CPU Hardware information

  • Model name: Intel(R) Xeon(R) CPU E5-2667 v4 @ 3.20GHz
  • Total threads: 32, Threads/Core: 2, Cores/Socket: 8, Total sockets: 2, Total Cores:16

FPGA Hardware Information

  • Device name: Xilinx Alveo U280
  • Fmax: 243MHz
Benchmark Results on U280
Matrix Name Rows/Cols NNZs Padded Rows/Cols Padded NNZs Padding Ratio No. iterations Time per Iter [ms] Time per Iter on CPU [ms] Acceleration Ratio
nasa2910 2910 174296 2912 297952 1.70946 1777 0.0511172 0.0692836 1.36
ex9 3363 99471 3364 199328 2.00388 5000 0.0497677 0.0559332 1.12
bcsstk24 3562 159910 3564 222656 1.39238 5000 0.0598962 0.0581827 0.97
bcsstk15 3948 117816 3948 267488 2.27039 658 0.0927269 0.125615 1.35
bcsstk28 4410 219024 4412 319264 1.45767 4878 0.0586356 6.92198 118.05
s3rmt3m3 5357 207695 5360 330624 1.59187 5000 0.0744822 6.55229 87.97
s2rmq4m1 5489 281111 5492 427648 1.52128 1779 0.084562 6.75384 79.87
nd3k 9000 3279690 9000 4277792 1.30433 5000 0.363479 4.66861 12.84
ted_B 10605 144579 10608 548416 3.79319 30 0.984467 6.53108 6.63
ted_B_unscaled 10605 144579 10608 548416 3.79319 16 1.75354 8.59891 4.90
msc10848 10848 1229778 10848 2050720 1.66755 5000 0.230942 5.43921 23.55
cbuckle 13681 676515 13684 924832 1.36705 1282 0.16427 5.48588 33.40
olafu 16146 1015156 16148 1452320 1.43064 5000 0.169174 5.05108 29.86
gyro_k 17361 1021159 17364 1932384 1.89234 5000 0.254172 4.85938 19.12
bodyy4 17546 121938 17548 710112 5.82355 230 0.174435 4.73164 27.13
nd6k 18000 6897316 18000 9415552 1.3651 5000 0.809868 4.25772 5.26
raefsky4 19779 1328611 19780 2268704 1.70758 5000 0.268956 4.22843 15.72
bcsstk36 23052 1143140 23052 1833056 1.60353 5000 0.253049 3.9882 15.76

Convergence

Conjugate gradient method may suffer convergent issue for matrices with large condition number. Jacobi preconditioner, adopted in this kernel, is widely used and dramatically reduces the overall number of iterations to solve the linear system. For some matrices, however, the solver with Jacobi preconditioner is not able to converge. For instance, the number of iterations for some matrices in the above table reached the upper limit 5000 with the preset relative tolerance 10e-12.
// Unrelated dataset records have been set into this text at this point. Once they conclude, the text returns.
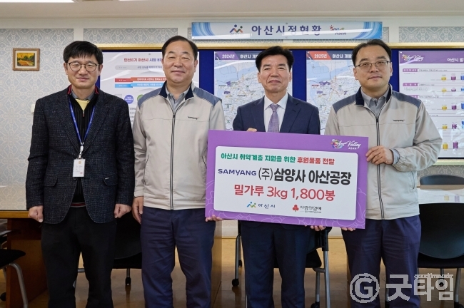 [굿타임] = 이강부 기자 = ㈜삼양사 아산공장이 아산시를 방문해 복지사각지대 지원을 위한 밀가루 총5400kg(1800봉/3kg)을 전달했다.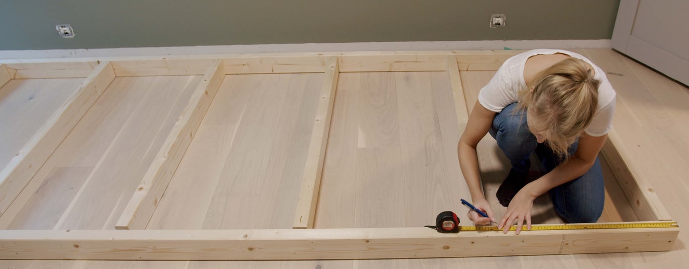 Spileplatene er 60 cm brede, og for å slippe å kappe de i bredden så ble valget å lage 3 m bredt rammeverk. På den måten ville spilekonstruksjonen dekke mer enn bare kun sengen (noe som er en fordel om man vil montere nattbord direkte på spileplatene). Toppsvill og bunnsvill ble derfor 3 m, mens lengden på stenderne ble satt ut ifra høyden vi ønsket på rammeverket. Obs! Husk at topp- og bunnsvill er med i den totale høyden.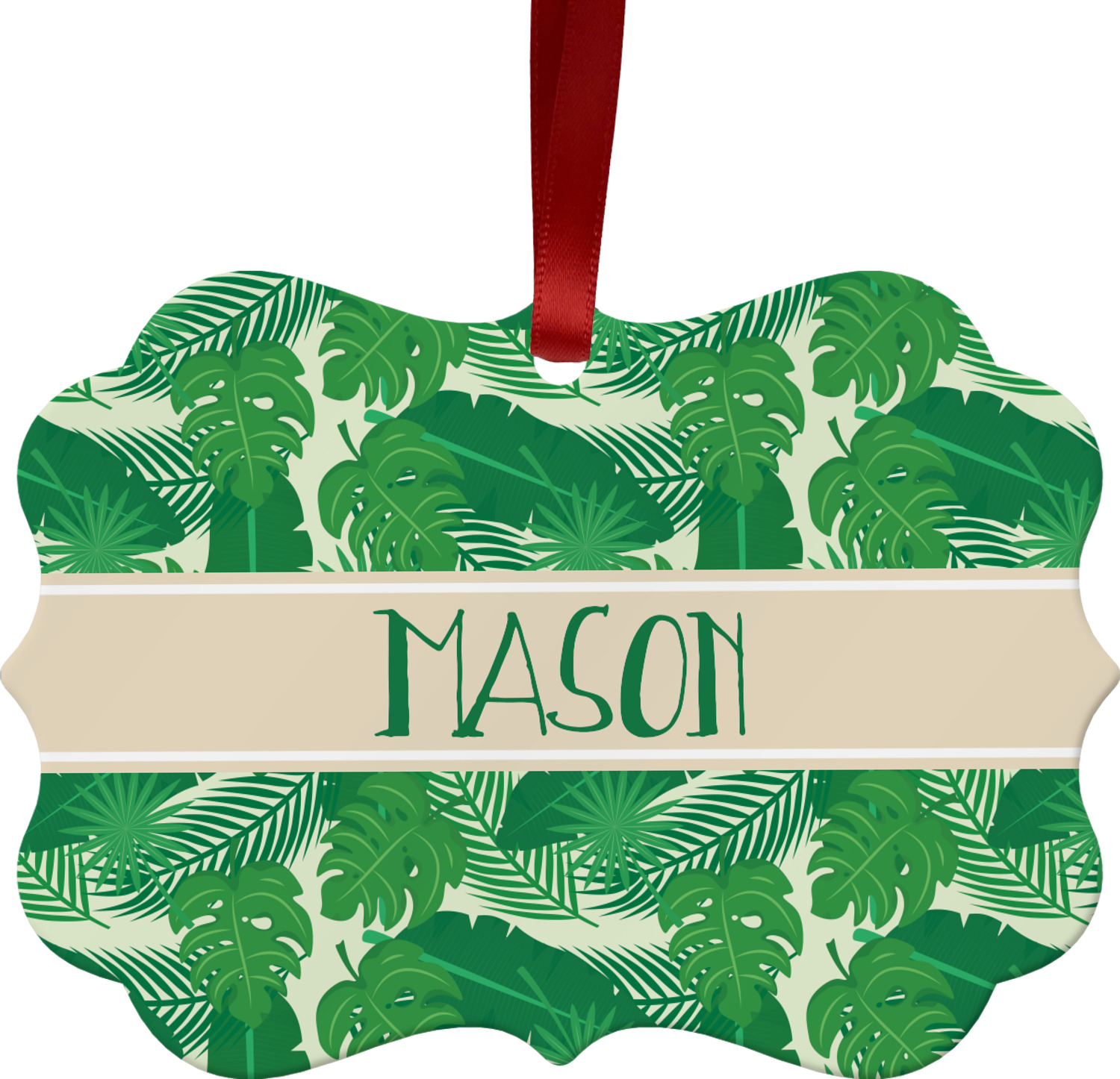 The main design has a cream background with bright green tropical leaves faces every which way. Through the middle of the design sits a cream ribbon, with your personalization on the ribbon itself. Several different kinds of tropical leaves are featured in this fun design.

Although the solver, for some other matrices e.g. ted_B_unscaled, meets the preset tolerance within the preset number of iteration limit, there might still be some mismatches in the result vector compared to the golden reference x. The solution to this issue is to further reduce the tolerance value to such as 10e-15.